Abbey's bob is adorable!

Here's Abbey's bob:
[attachment=42555:bob_haircut_SM.jpg]


----------



## mysugarbears (Aug 13, 2007)

I love Abbey's bob and also her recent haircut, decisions, decisions. I'm going to have a tough time deciding on which of Abbey's face i like the best as they are both adorable. :wub: Any help in the decision of which of Abbey's cut for Chloe's face would be appreciated. 

Here's a pic of Chloe when i took Abbey's bob pic in. Almost what i wanted, but not quite. She is going to a different groomer this time.

[attachment=42559:Chloe_Hello_Kitty.jpg]


----------



## paris (Apr 8, 2005)

I think they would've achieved the "Abbey" look on Chloe last time if they had cut the underside of her mustache shorter...I may decide to give Paris the "Abbey" look next time around...I would only have to shorten her ears a tad.


----------



## Missy&Maggie (Jun 17, 2007)

Did you see these pictures of Bonnie?!?! She has a really cute bobbed haircut, too!!!

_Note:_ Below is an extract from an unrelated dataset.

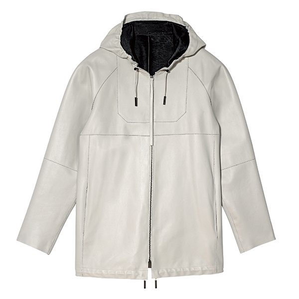 드로스트링 후드를 더한 오버사이즈 레더 재킷
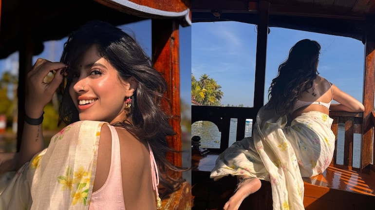 In the photos, Janhvi Kapoor is seen donning a beautiful white saree adorned with delicate floral patterns, perfectly complemented by a vibrant pink blouse.

http://spoiledmaltese.com/forum/index.php?...c=39154&hl=


----------



## Cosy (Feb 9, 2006)

The problem with groomers cutting the bob look is the dog usually has the ears
in the down position rather than perked so the ears get cut shorter. Ask that she
leaves the ears a bit longer than the beard and you will probably be happy with
the results.


----------



## luvmyfurbaby (Feb 11, 2007)

Mia has the Abbey's current (head) cut when she got her do done last time I like it!!


----------



## abbey (Apr 4, 2005)

Debbie, I think Chloe will look very cute in the bob look! :wub: What you can't see is that Abbey's body was sorta cut like Cosy's cut. My groomer called it a schnauzer cut though. Brit is right...you have to be very specific about telling them to leave their ears a hair longer than her beard. I think that's why your first groomer didn't achieve the look you were after 'cause they tend to want to cut the ears short. Even this last time, I told my groomer to leave the ears alone & trim the beard to her ears & her ears still got trimmed shorter :smpullhair: 

I'm also going to a new groomer next time, so I'll have to "train" my new groomer! :smilie_tischkante: 

Good Luck! Can't wait to see pics of Chloe on Friday!


----------